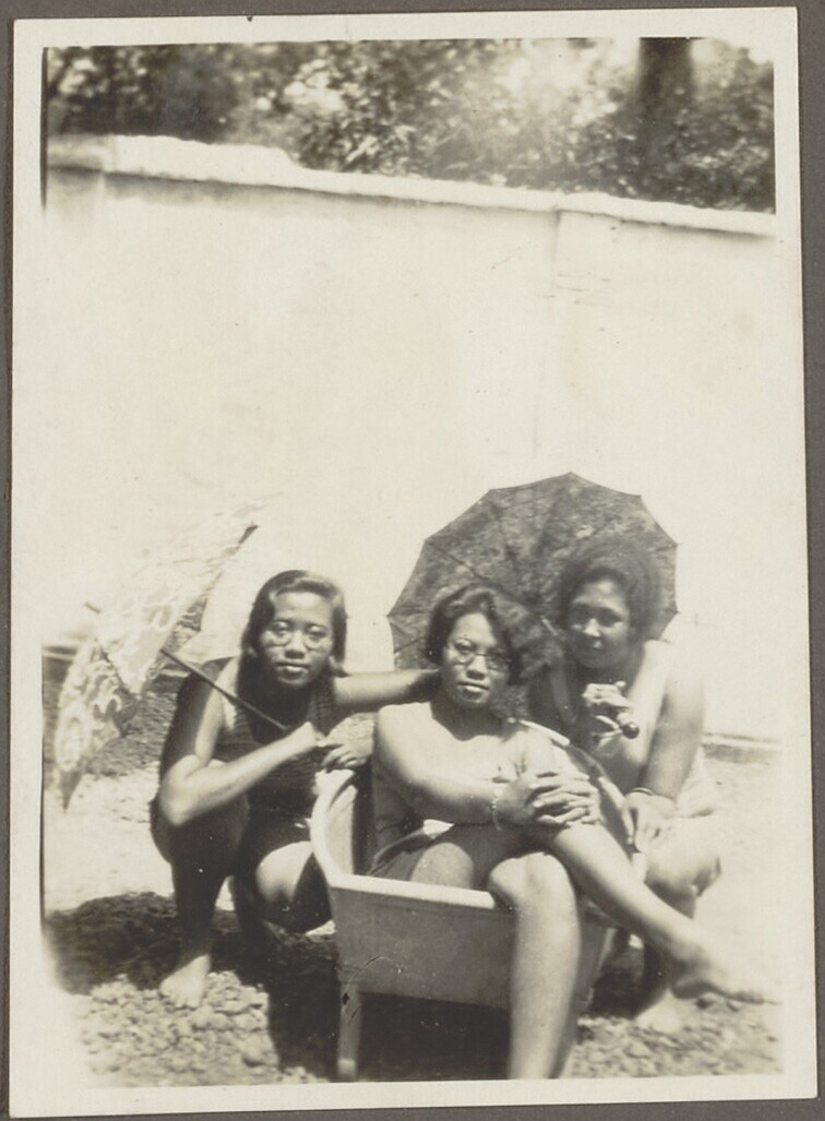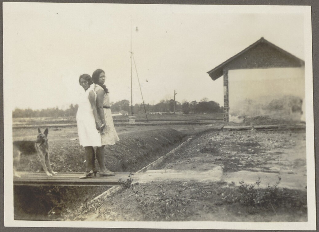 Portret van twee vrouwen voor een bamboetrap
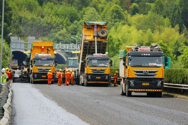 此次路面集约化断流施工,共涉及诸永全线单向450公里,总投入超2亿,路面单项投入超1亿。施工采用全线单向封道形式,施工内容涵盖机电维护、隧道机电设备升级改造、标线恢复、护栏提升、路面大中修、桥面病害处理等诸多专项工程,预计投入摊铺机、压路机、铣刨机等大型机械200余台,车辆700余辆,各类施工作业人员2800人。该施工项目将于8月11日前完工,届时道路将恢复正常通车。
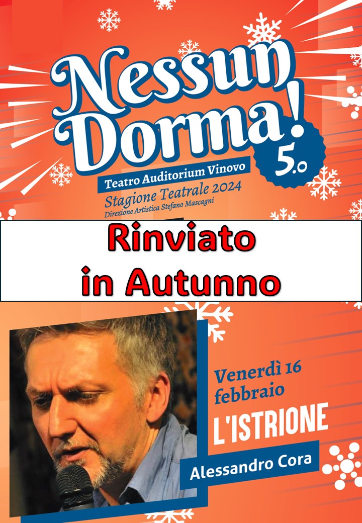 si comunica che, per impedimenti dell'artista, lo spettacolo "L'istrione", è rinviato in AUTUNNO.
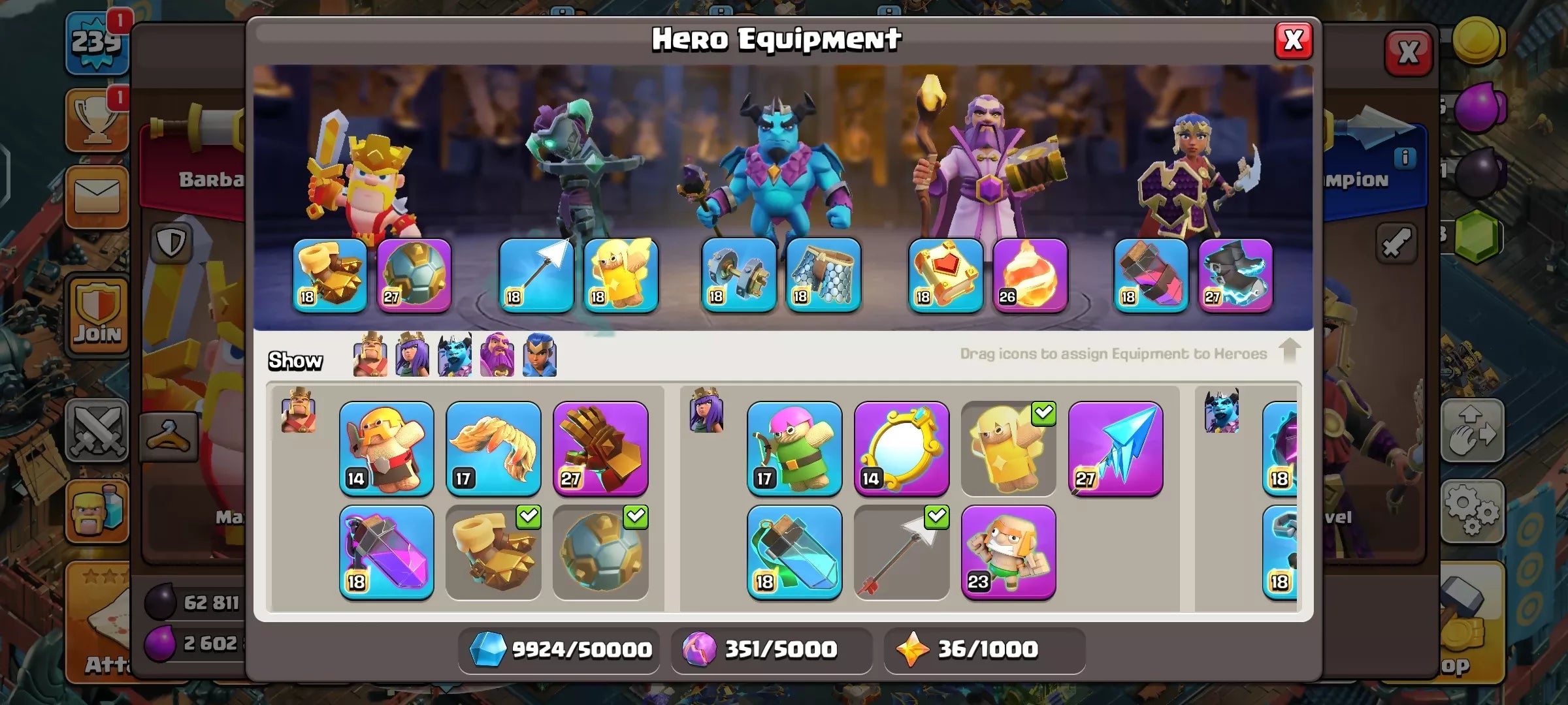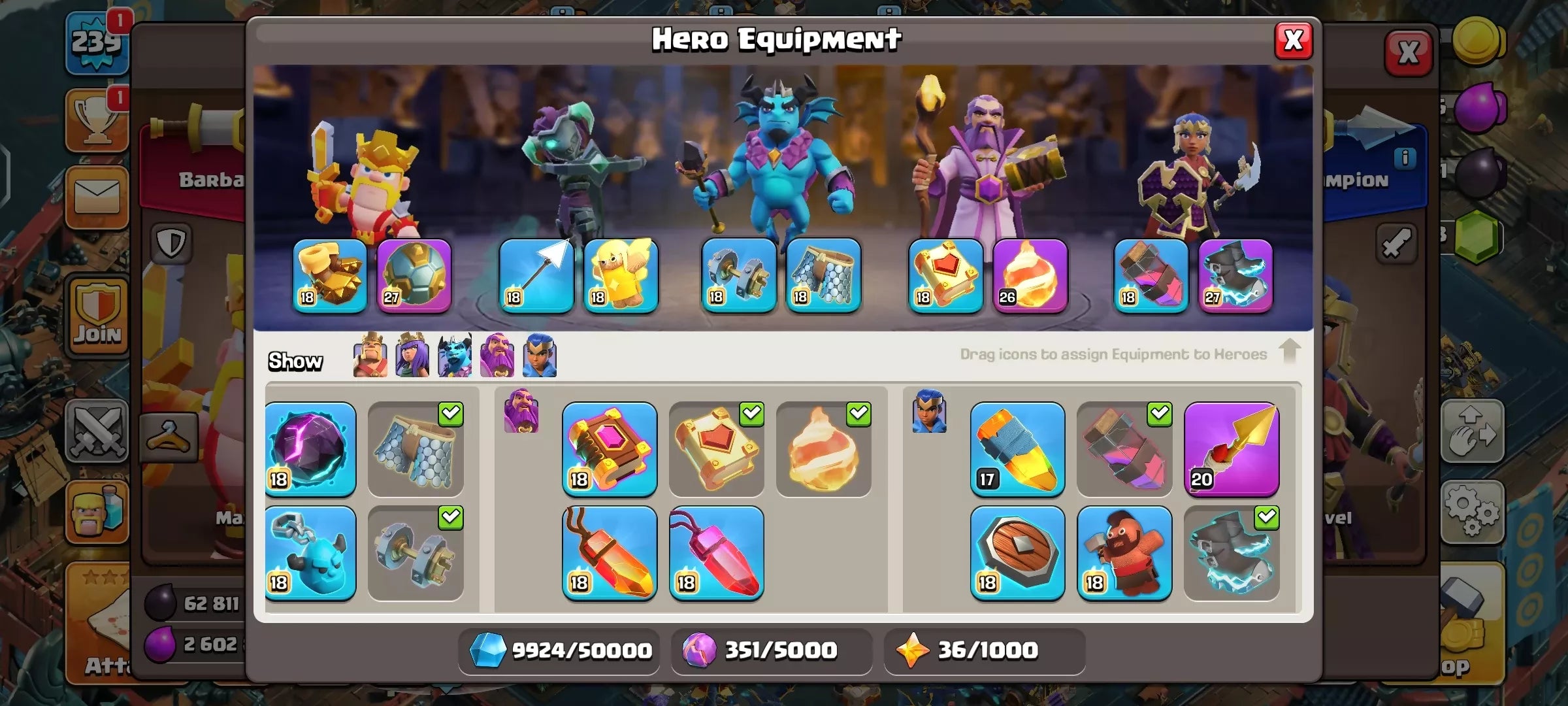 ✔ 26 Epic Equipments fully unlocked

========================================

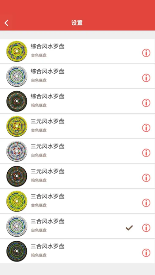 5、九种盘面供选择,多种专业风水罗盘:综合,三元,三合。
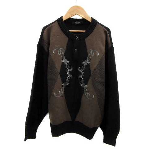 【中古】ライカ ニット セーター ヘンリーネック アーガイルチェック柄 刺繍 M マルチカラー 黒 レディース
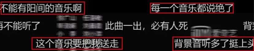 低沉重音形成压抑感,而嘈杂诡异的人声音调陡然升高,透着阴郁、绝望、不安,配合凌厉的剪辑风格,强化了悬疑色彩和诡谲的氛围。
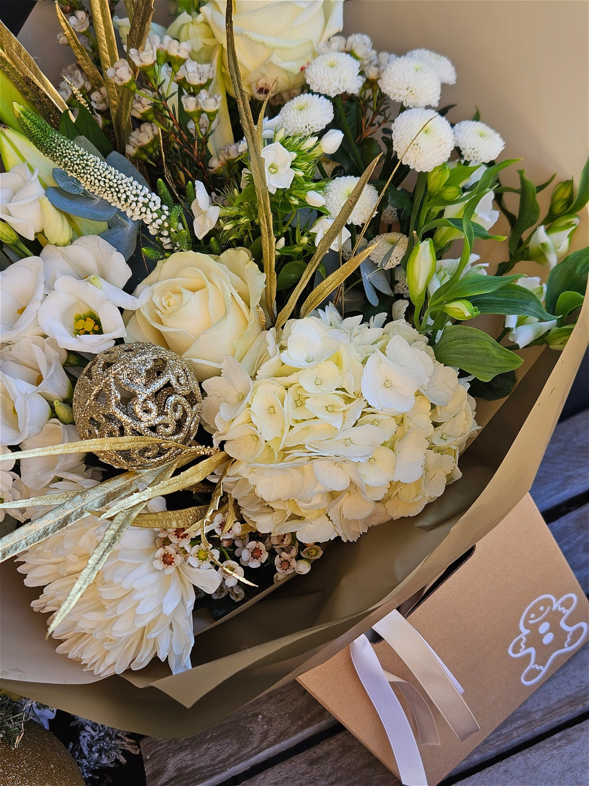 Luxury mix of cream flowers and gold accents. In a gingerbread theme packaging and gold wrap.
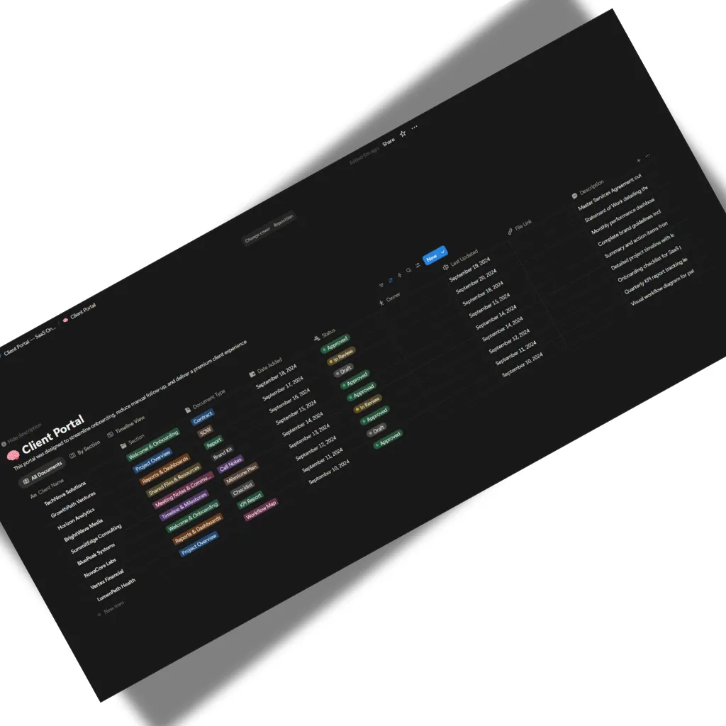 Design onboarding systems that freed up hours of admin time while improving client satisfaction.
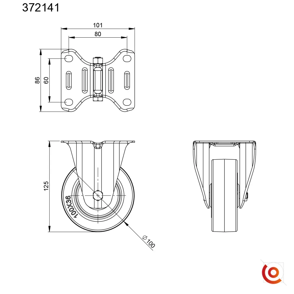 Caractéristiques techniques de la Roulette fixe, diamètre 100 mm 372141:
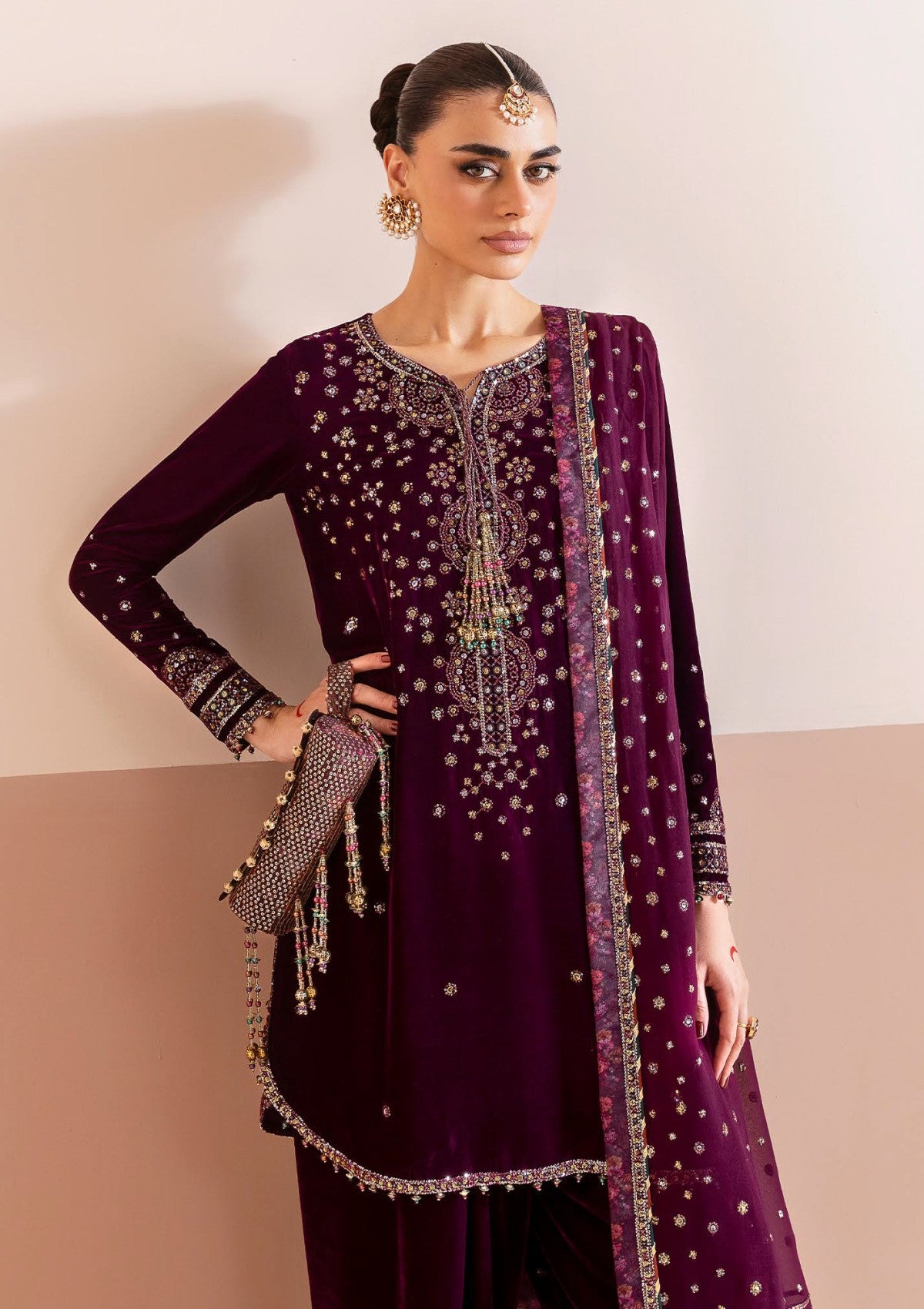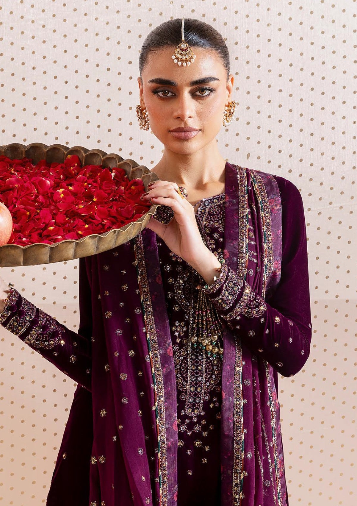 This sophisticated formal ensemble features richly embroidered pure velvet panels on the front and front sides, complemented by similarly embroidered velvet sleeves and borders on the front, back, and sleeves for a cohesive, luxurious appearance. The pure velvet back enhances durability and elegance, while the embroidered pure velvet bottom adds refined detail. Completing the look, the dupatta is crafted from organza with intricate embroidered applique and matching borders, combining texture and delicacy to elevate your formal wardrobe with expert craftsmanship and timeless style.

========================================

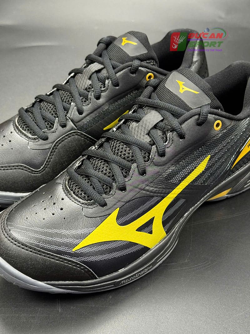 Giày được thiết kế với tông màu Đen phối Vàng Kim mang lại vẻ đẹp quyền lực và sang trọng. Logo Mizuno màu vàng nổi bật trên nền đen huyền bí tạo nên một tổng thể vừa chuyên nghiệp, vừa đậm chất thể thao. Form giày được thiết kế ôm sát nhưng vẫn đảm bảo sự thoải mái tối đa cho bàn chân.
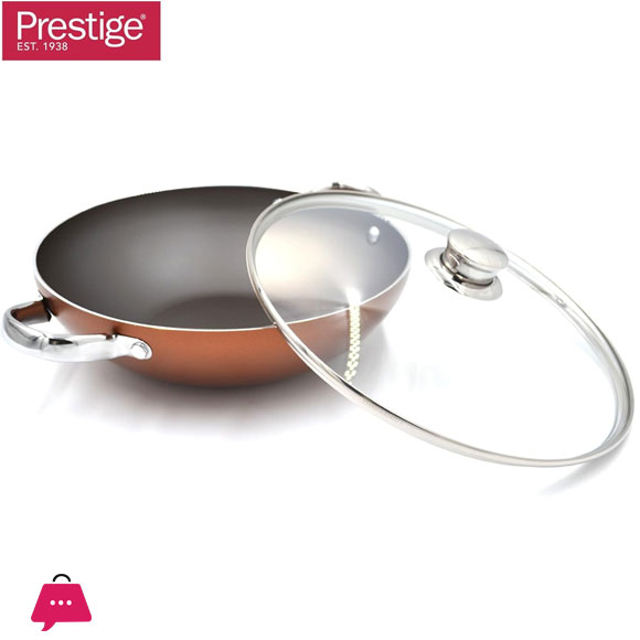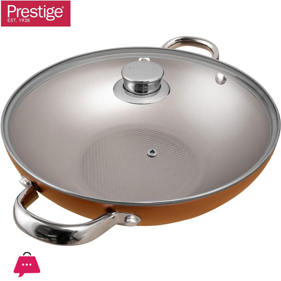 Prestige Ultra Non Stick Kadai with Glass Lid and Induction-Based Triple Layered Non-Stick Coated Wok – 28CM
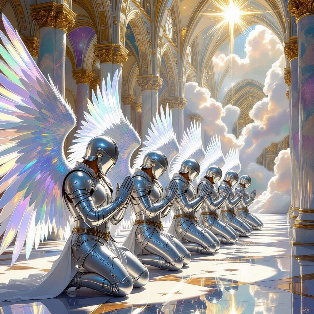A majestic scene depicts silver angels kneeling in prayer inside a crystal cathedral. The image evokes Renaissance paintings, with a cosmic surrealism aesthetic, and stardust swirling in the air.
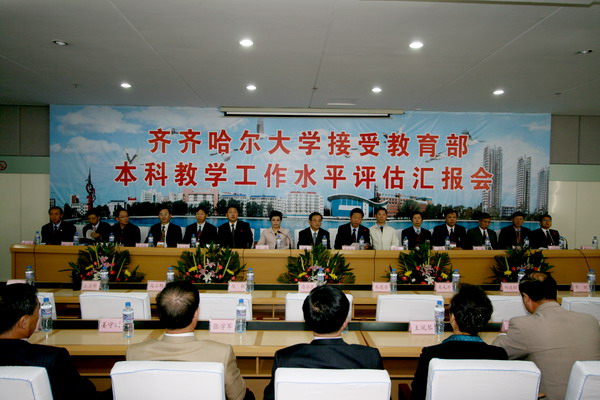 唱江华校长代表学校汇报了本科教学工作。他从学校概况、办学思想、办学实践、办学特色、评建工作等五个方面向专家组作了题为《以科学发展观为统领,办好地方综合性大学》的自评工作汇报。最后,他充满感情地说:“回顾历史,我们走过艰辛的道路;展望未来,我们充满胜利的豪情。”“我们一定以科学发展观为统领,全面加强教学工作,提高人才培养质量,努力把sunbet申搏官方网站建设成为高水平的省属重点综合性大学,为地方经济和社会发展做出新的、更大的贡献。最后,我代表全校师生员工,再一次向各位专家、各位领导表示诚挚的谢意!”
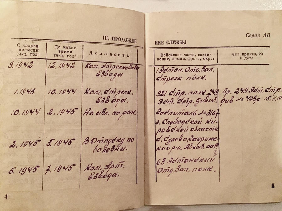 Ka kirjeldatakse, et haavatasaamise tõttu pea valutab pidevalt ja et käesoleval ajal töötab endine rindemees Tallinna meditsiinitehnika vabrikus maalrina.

========================================

• [Exercise prompt]: Starting with the line that has "si comunica che, per" and going on through the line that has "Equipments fully unlocked", transcribe the records above exactly, but skip the pictures.

• [Solved problem]:
 si comunica che, per impedimenti dell'artista, lo spettacolo "L'istrione", è rinviato in AUTUNNO.
 ✔ 26 Epic Equipments fully unlocked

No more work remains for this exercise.